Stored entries
:::

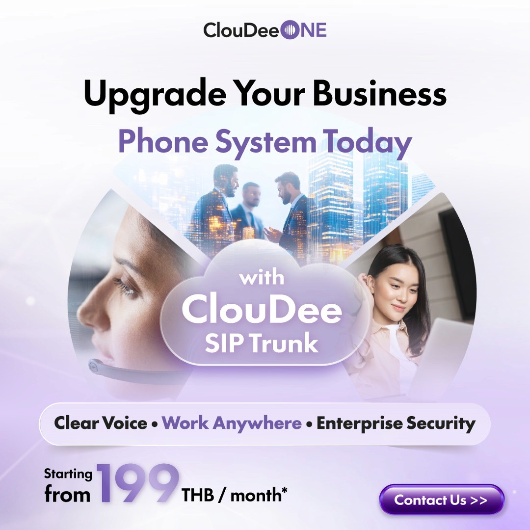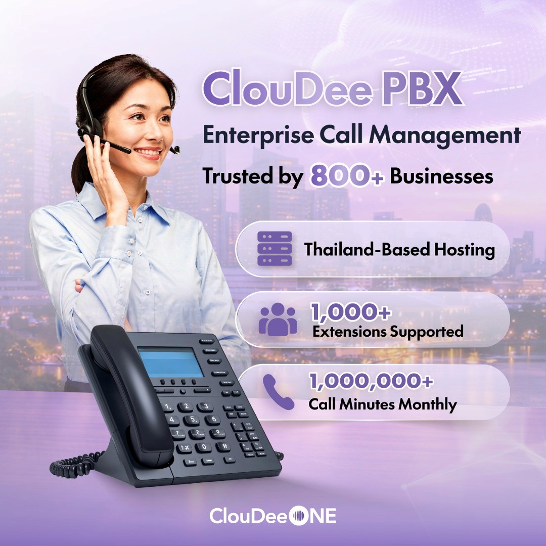 ไม่ว่าจะเป็นระบบ PBX, SIP หรือเบอร์โทรศัพท์ในประเทศ ClouDee มีฟังก์ชันที่เชื่อถือได้ ทำให้ทุกการสื่อสารราบรื่น ไม่มีสะดุด ด้วยคุณภาพเสียงที่คมชัด ค่าใช้จ่ายที่ควบคุมได้ และการบริหารจัดการที่ง่าย
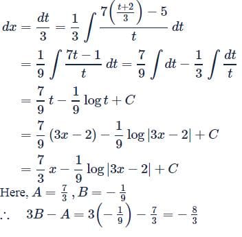 = x + 4,x ≠ −5/3,2/3 and ∫f(x)dx = Ax + Bln|3x−2| + C, then 3B − A =
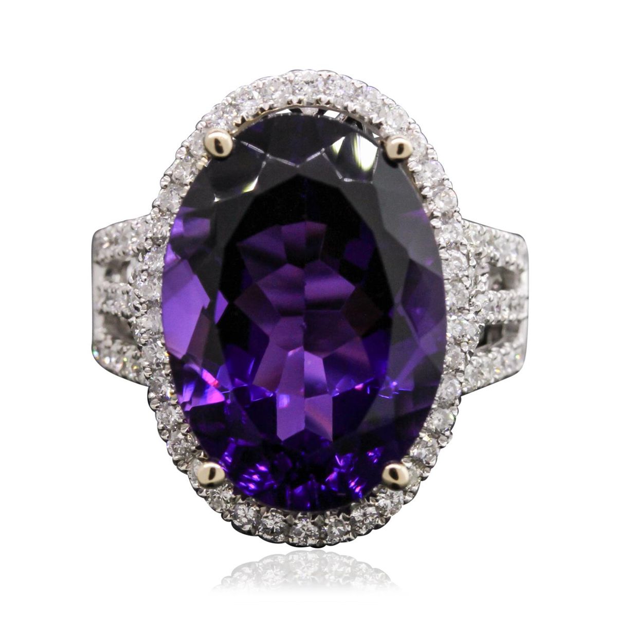One electronically tested 14KT white gold ladies cast amethyst and diamond ring with a bright polish finish. Condition is new, good workmanship. The featured amethyst is set within a diamond bezel supported by diamond set split shoulders, completed by a three and one-half millimeter wide band. Identified with markings of "14K". Containing: One prong set oval mixed cut natural amethyst, measuring 18.00 x 12.90 x 8.50mm, 6%. bulge factor, approximate weight of 11.51ct., clarity is eye clean, type II, dark, moderately strong, reddish purple color, (GIA rP 7/4), cut is good. Transmitting light with no distortion, transparent. Colored Stone Grading Report attached. Graded in the setting. Eighty-Eight prong set round brilliant cut diamonds, measuring 1.60 - 1.40 x 0.90mm (depth est.) approximate. Total Weight of 88 Stones = 1.21ct. Graded in the setting. Clarity: SI-1 to I-1. Color: G - I. Total Weight of Colored Stones 11.51ct. Total Weight of Diamonds 1.21ct. Total Weight of Ring 9.32grams. AIG Appraised at $5,710.00.
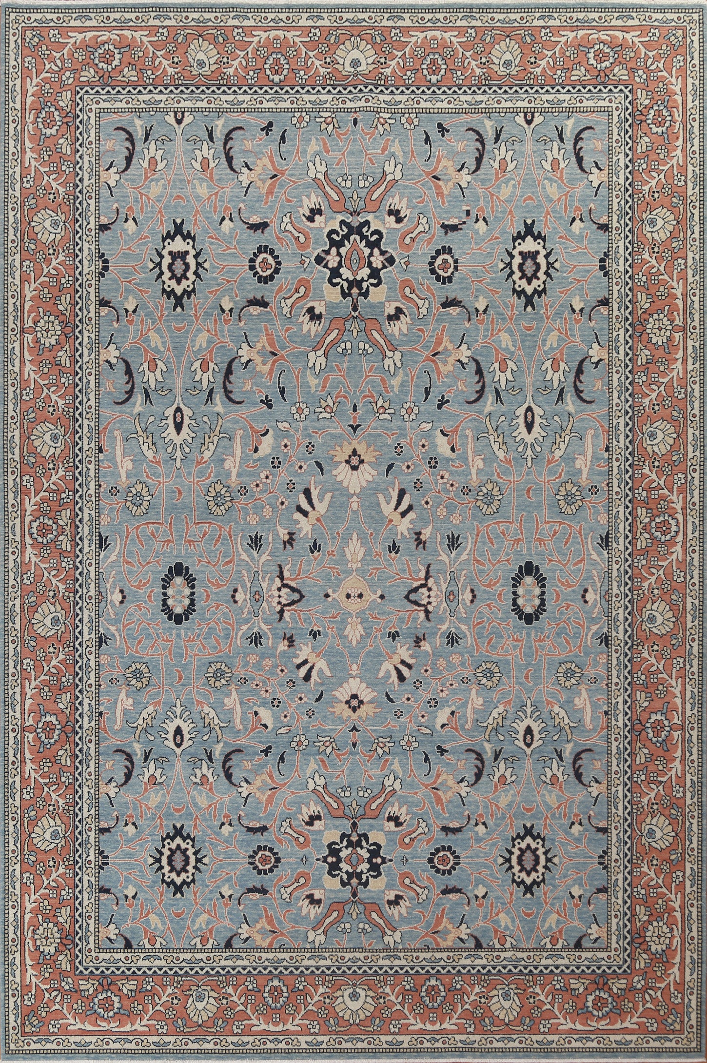 A Beautiful Genuine Turkey Sultanabad (Ziegler) rug is Hand Knotted by skillful weavers in Turkey with 100% Wool Material. This rug is in New, First Quality condition. dimensions are 11' 9'' X 9' 0'' in foot and 358 X 274 in centimeter. the primary color is Navy Blue & Blues.
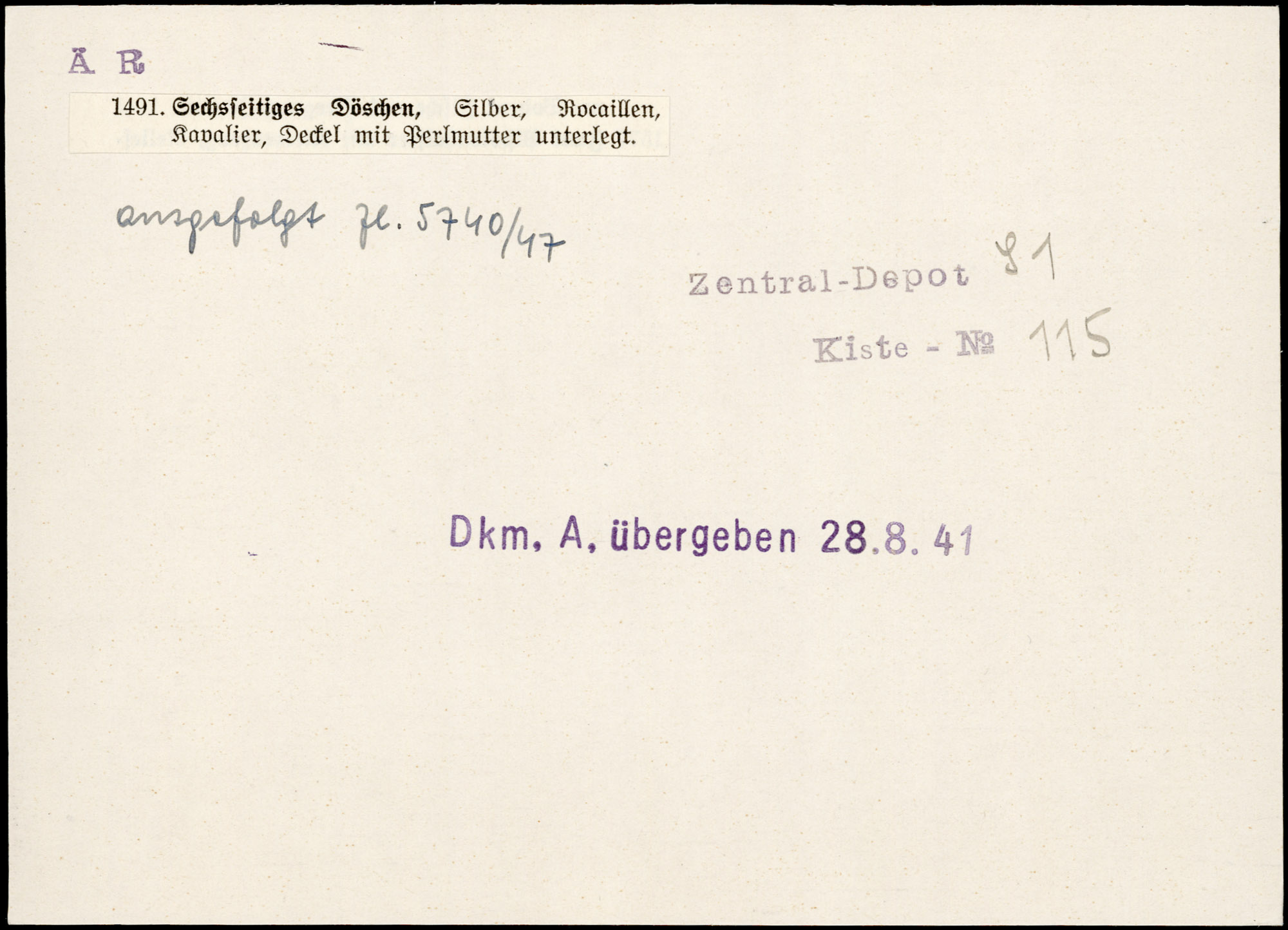 | Index card annotation | Zentral-Depot Saal 1 Kiste - No 115 Dkm.A. übergeben 28.8.41 | ausgefolgt Zl.5740/47 Zentral-Depot S.1 Kiste - No 115 Dkm.A. übergeben 28.8.41 |
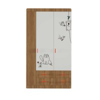 Наполнение: 2 выдвижных ящика на шариковых направляющих глубиной 450 мм, петли с доводчиком, штанга для одежды, полки.
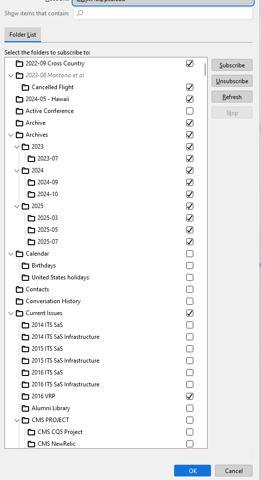 I use a work email server outsourced to office365.com and Thunderbird v115.18.0 (64-bit). I connect using Thunderbird with IMAP, and am subscribed to 100s of my folders there. I reorganized my folders there, moving them about using THUNDERBIRD (not, as I've learned now, using the Outlook Web interface that I "should" have used). Needless to say, I was only moving subscribed folders about. Now I find that the subscriptions to folders which have been moved or even deleted cannot be manipulated. Folders with the same name but now in different hierarchies can't be subscribed to. I have removed the account, recreated it and Unsubscribed from EVERY FOLDER. But the erroneous subscriptions do not go away.
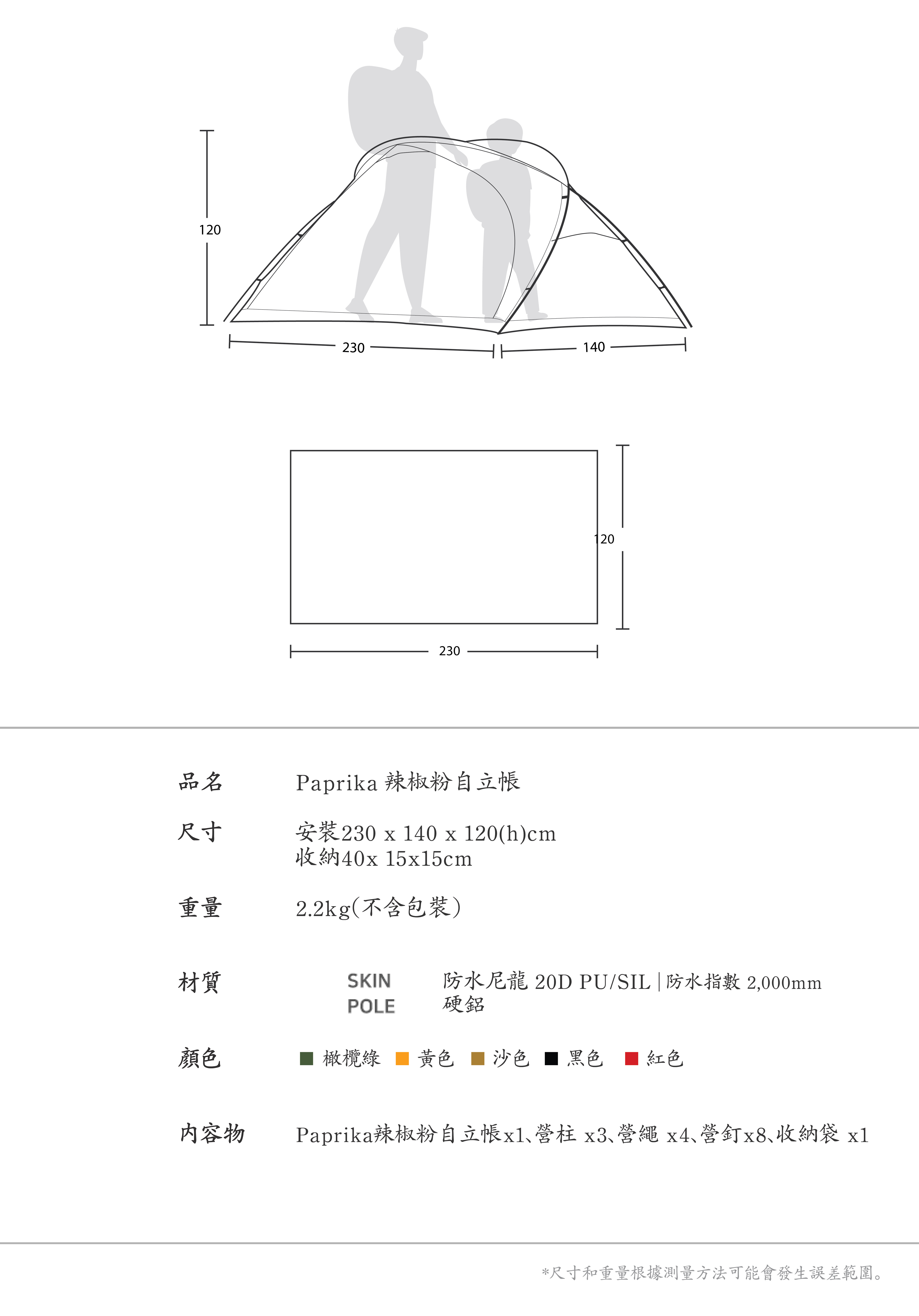 辣椒粉自立帳是一款輕巧的2人帳篷,
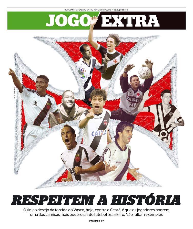Capa de jornal destaca o Vasco em dia decisivo: "Respeitem a grandeza"

:::

The copy you give must run from the line containing "Index card annotation" through the last line of the records, exactly, with the pictures left out.

— Task response —
 | Index card annotation | Zentral-Depot Saal 1 Kiste - No 115 Dkm.A. übergeben 28.8.41 | ausgefolgt Zl.5740/47 Zentral-Depot S.1 Kiste - No 115 Dkm.A. übergeben 28.8.41 |
 Наполнение: 2 выдвижных ящика на шариковых направляющих глубиной 450 мм, петли с доводчиком, штанга для одежды, полки.
 I use a work email server outsourced to office365.com and Thunderbird v115.18.0 (64-bit). I connect using Thunderbird with IMAP, and am subscribed to 100s of my folders there. I reorganized my folders there, moving them about using THUNDERBIRD (not, as I've learned now, using the Outlook Web interface that I "should" have used). Needless to say, I was only moving subscribed folders about. Now I find that the subscriptions to folders which have been moved or even deleted cannot be manipulated. Folders with the same name but now in different hierarchies can't be subscribed to. I have removed the account, recreated it and Unsubscribed from EVERY FOLDER. But the erroneous subscriptions do not go away.
 辣椒粉自立帳是一款輕巧的2人帳篷,
Capa de jornal destaca o Vasco em dia decisivo: "Respeitem a grandeza"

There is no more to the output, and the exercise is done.